Delagard pointed toward Sorve on the chart. “You see this island southwest of us, coming up out of the next strip? That’s Velmise. It’s drifting north and east, moving at a higher velocity than we are, and it’ll pass within relatively easy reach about a month from now. At that time it’ll be maybe a ten-day journey from here, maybe even less. I’m going to put through a message to my son there and ask him if they’d be willing to take us in, all seventy-eight of us.”

“And if they aren’t? Velmise is pretty damned small.”

“We have other choices. Here’s Salimil moving up from the other side. It’ll be something like two and a half weeks from us when we have to leave here.”

Lawler considered the prospect of spending two and a half weeks in a ship on the open sea. Under the blazing eye of the sun, in the constant parching blast of the salt sea-breeze, eating dried fish, pacing back and forth on a little deck with nothing to see but ocean and more ocean.

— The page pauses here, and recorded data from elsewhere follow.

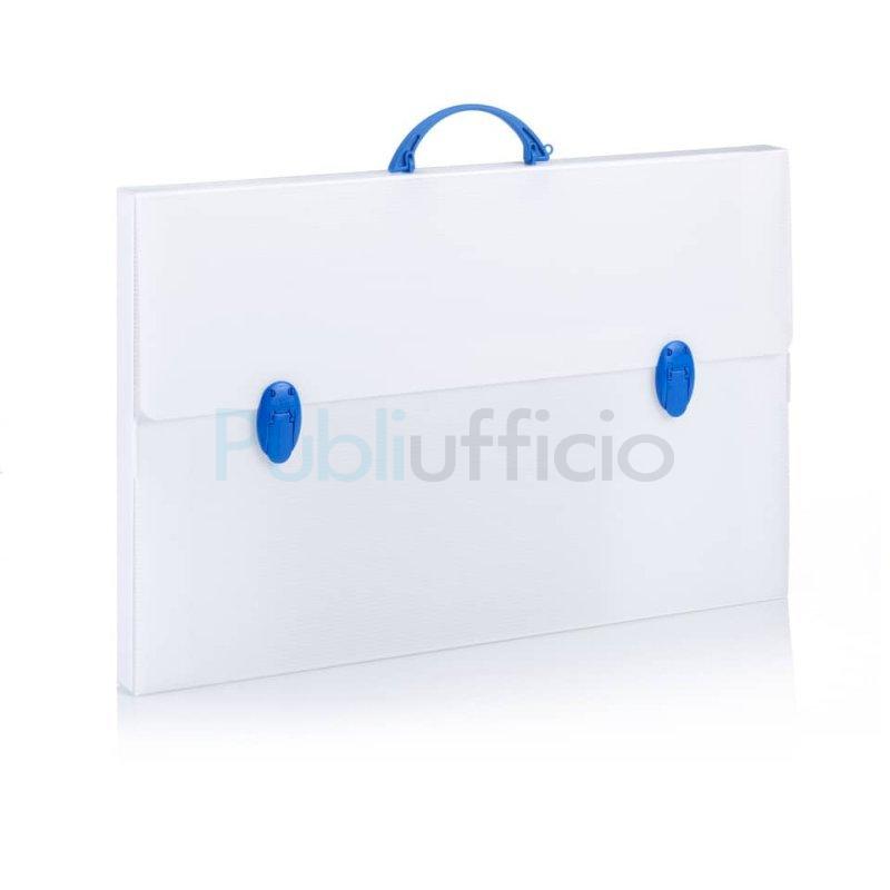 Valigetta Every Line in polipropilene alveolare neutro. Ideale per riporre e trasportare comodamente documenti, disegni, progetti e righe lunghe fino a 60 cm. Completa di film protettivo, maniglia e due pratiche chiusure a scatto. Formato 56,5(L)x36,5(H) dorso 3,5 cm. Colore valigetta neutro. Colore accessori assortiti.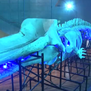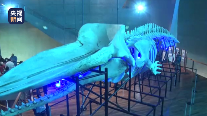 巴西国家博物馆展出罕见抹香鲸骨骼 复原长度15.7米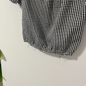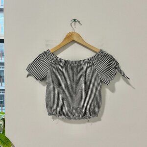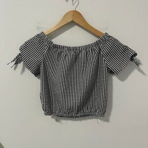 Aqua Black & White Gingham Print Crop Top Size Medium. Elasticized neckline and hem. Cute tie/bow detail on sleeves. Short Sleeve. Can be worn off the shoulder or regularly. Lightweight, stretchy material.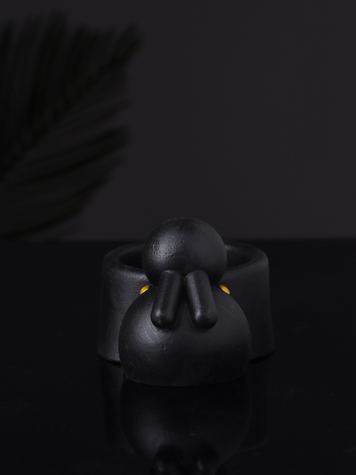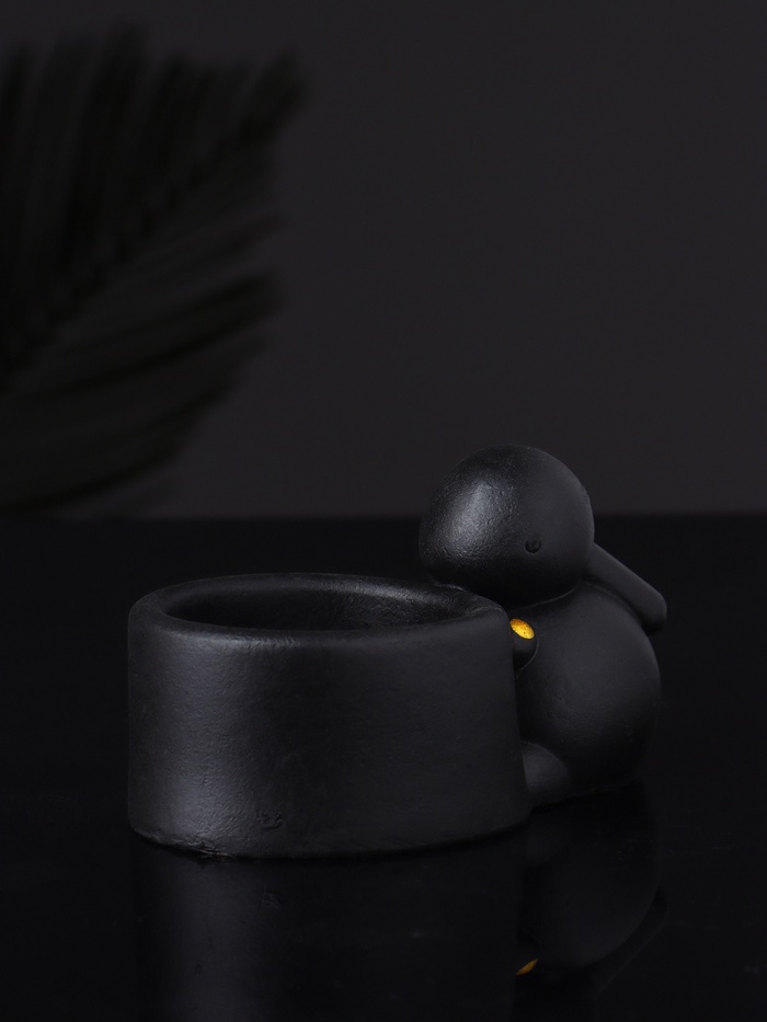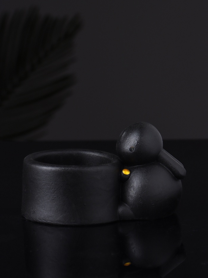 Тонкое сочетание изящества и функциональности — этот подсвечник с фигуркой зайца станет стильным акцентом в вашем интерьере. Чёрный цвет придаёт ему особую глубину и универсальность, позволяя гармонично вписаться как в современный, так и в классический стиль оформления.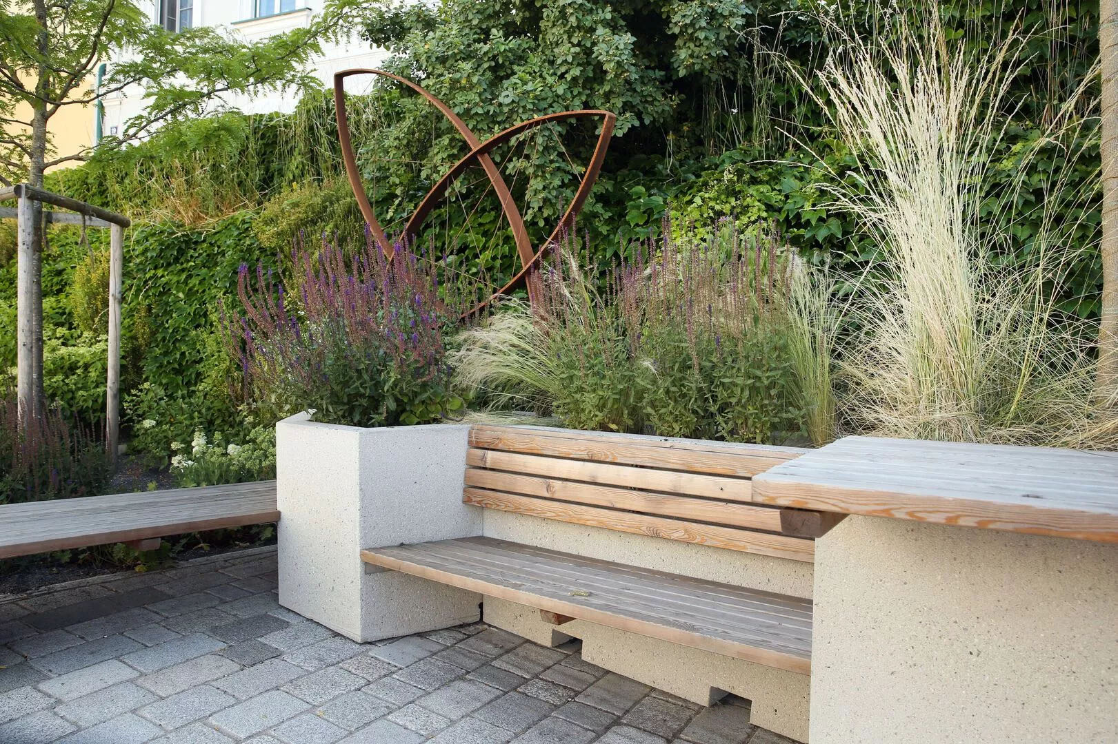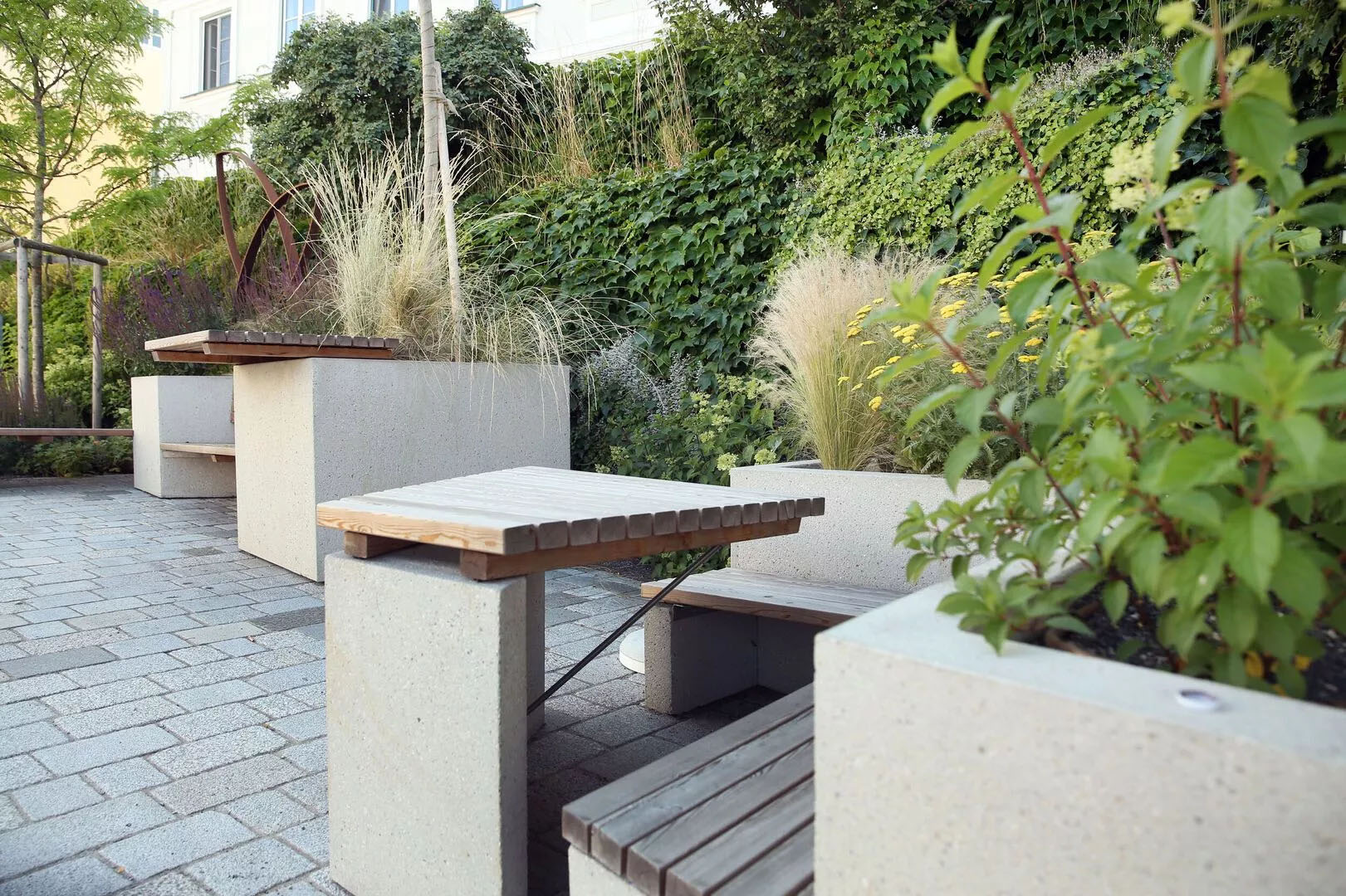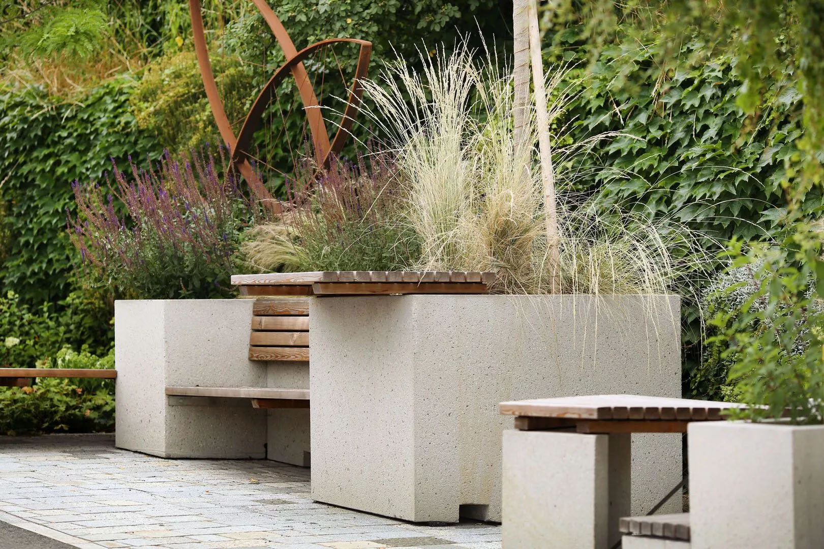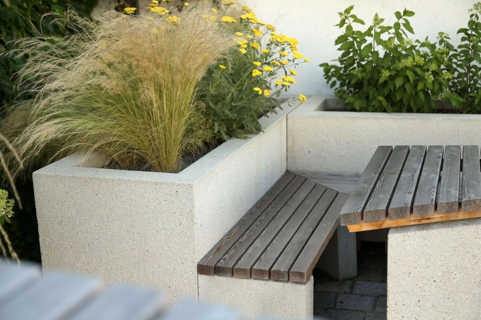 Im Zuge der Neugestaltung des Straßenraums in Aschbach-Markt wurden Pflanzbeete angelegt und werden Möblierungselemente, angelehnt an die Gestaltung des Freibades, an wichtigen Punkten im Ort situiert.

He reached for the brandy bottle and filled his cup again himself.

Delagard said, “If Salimil won’t take us, we’ve got Kaggeram down here, or Shaktan, or Grayvard, even. I have kin on Grayvard. I think I can arrange something. That would be an eight-week journey.”

Eightweeks? Lawler tried to imagine what that would be like.

He said, after a time, “Nobody’s going to have room for seventy-eight people on thirty days” notice. Not Velmise, not Salimil, not anybody.”

“In that case we’ll just have to split up, a few of us going here, a few of us going there.”

“No!” Lawler said with sudden vehemence.

“No?”

“I don’t want that. I want the community to stay together.”

“What if it can’t be done?”

“We have to find a way. We can’t take a group of people who have been together all their lives and scatter them all over the goddamned ocean. We’re a family, Nid.”

“Are we? I guess I don’t think of it that way.”

“Think of it that way now.”

“Well, then,” Delagard said. He sat quietly, frowning. “I guess as a last resort we could simply present ourselves on one of the islands that isn’t currently inhabited by humans and ask the Gillies living there for sanctuary. It’s happened before.”

“The Gillies there would know that we were thrown out by our Gillies here. And why.”

“Maybe it wouldn’t matter. You know Gillies as well as I do, doc. A lot of them are pretty tolerant of us. To them we’re just one more example of the inscrutable way of the universe, something that simply happened to wash up on their shores out of the great sea of space. They understand that it’s a waste of breath questioning the inscrutable way of the universe. Which I suppose is why they simply shrugged and let us move in on them when we first came here.”

“The wisest ones think that way, maybe. The rest of them detest us and don’t want a damned thing to do with us. Why the hell should the Gillies of some other island take us in when the Sorve Gillies have tossed us out as murderers?”

“We’ll be all right,” Delagard said serenely, not reacting in any visible way to the ugly word. He nursed his brandy cup with both hands, staring into it. “We’ll go to Velmise. Or Salimil, or Grayvard if we have to, or someplace completely new. And we’ll all stay together and make a new life for ourselves. I’ll see to that. Count on it, doc.”